INSTRUCTIONS TO FOLLOW.
The answer is to be the data that follows, transcribed exactly, minus its pictures.

DATA SECTION.
_ _ _ _

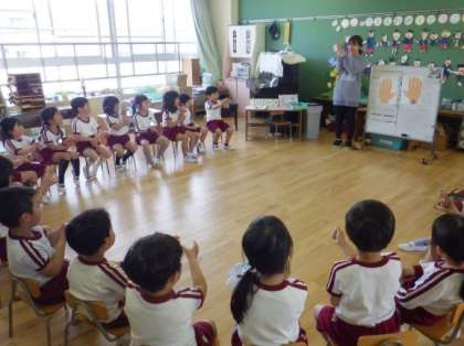 どうして手を洗うのか、どんな時に手を洗うのか知らせたり、正しい洗い方を練習しました。
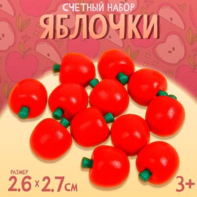 Счетный набор «Яблочки», размер яблока: 2.7×2.6 см. При обучении детей счету, очень полезно использовать красивые, яркие и разнообразные предметы. Ребенку очень сложно мыслить абстрактно. Счет с использованием предметов гораздо понятнее и облегчает процесс обучения. Набор поможет развить воображение, логическое мышление, визуальное восприятие, мелкую моторику. Фигурки сделаны из дерева и покрыты безопасными для детского здоровья красками. Рекомендовано для детей от 3 лет.
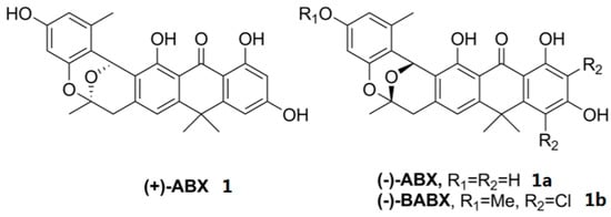 Anthrabenzoxocinones (ABXs) are a group of hexacyclic aromatic ketones with bioactivities, such as antibacterial activity [25,26,27], anti-hypertensive activity [28], cholesterol-reducing activity [27] and nuclear hormone receptors [25]. ABX family members such as (+)-anthrabenzoxocinone ((+)-ABX) (BE-24566B, also named 1.264C,1), (−)-anthrabenzoxocinone ((−)-ABX)(1a), as well as (−)-bischloroanthrabenzoxocinone ((−)-BABX)(1b), (Figure 1) have been isolated from Streptomyces sp. (MA6657), Streptomyces sp. FXJ1.264, or Streptomyces violaceusniger, and Actinomyces sp. MA7150, respectively [29].

_ _ _ _

ANSWER BOX.
 どうして手を洗うのか、どんな時に手を洗うのか知らせたり、正しい洗い方を練習しました。
 Счетный набор «Яблочки», размер яблока: 2.7×2.6 см. При обучении детей счету, очень полезно использовать красивые, яркие и разнообразные предметы. Ребенку очень сложно мыслить абстрактно. Счет с использованием предметов гораздо понятнее и облегчает процесс обучения. Набор поможет развить воображение, логическое мышление, визуальное восприятие, мелкую моторику. Фигурки сделаны из дерева и покрыты безопасными для детского здоровья красками. Рекомендовано для детей от 3 лет.
 Anthrabenzoxocinones (ABXs) are a group of hexacyclic aromatic ketones with bioactivities, such as antibacterial activity [25,26,27], anti-hypertensive activity [28], cholesterol-reducing activity [27] and nuclear hormone receptors [25]. ABX family members such as (+)-anthrabenzoxocinone ((+)-ABX) (BE-24566B, also named 1.264C,1), (−)-anthrabenzoxocinone ((−)-ABX)(1a), as well as (−)-bischloroanthrabenzoxocinone ((−)-BABX)(1b), (Figure 1) have been isolated from Streptomyces sp. (MA6657), Streptomyces sp. FXJ1.264, or Streptomyces violaceusniger, and Actinomyces sp. MA7150, respectively [29].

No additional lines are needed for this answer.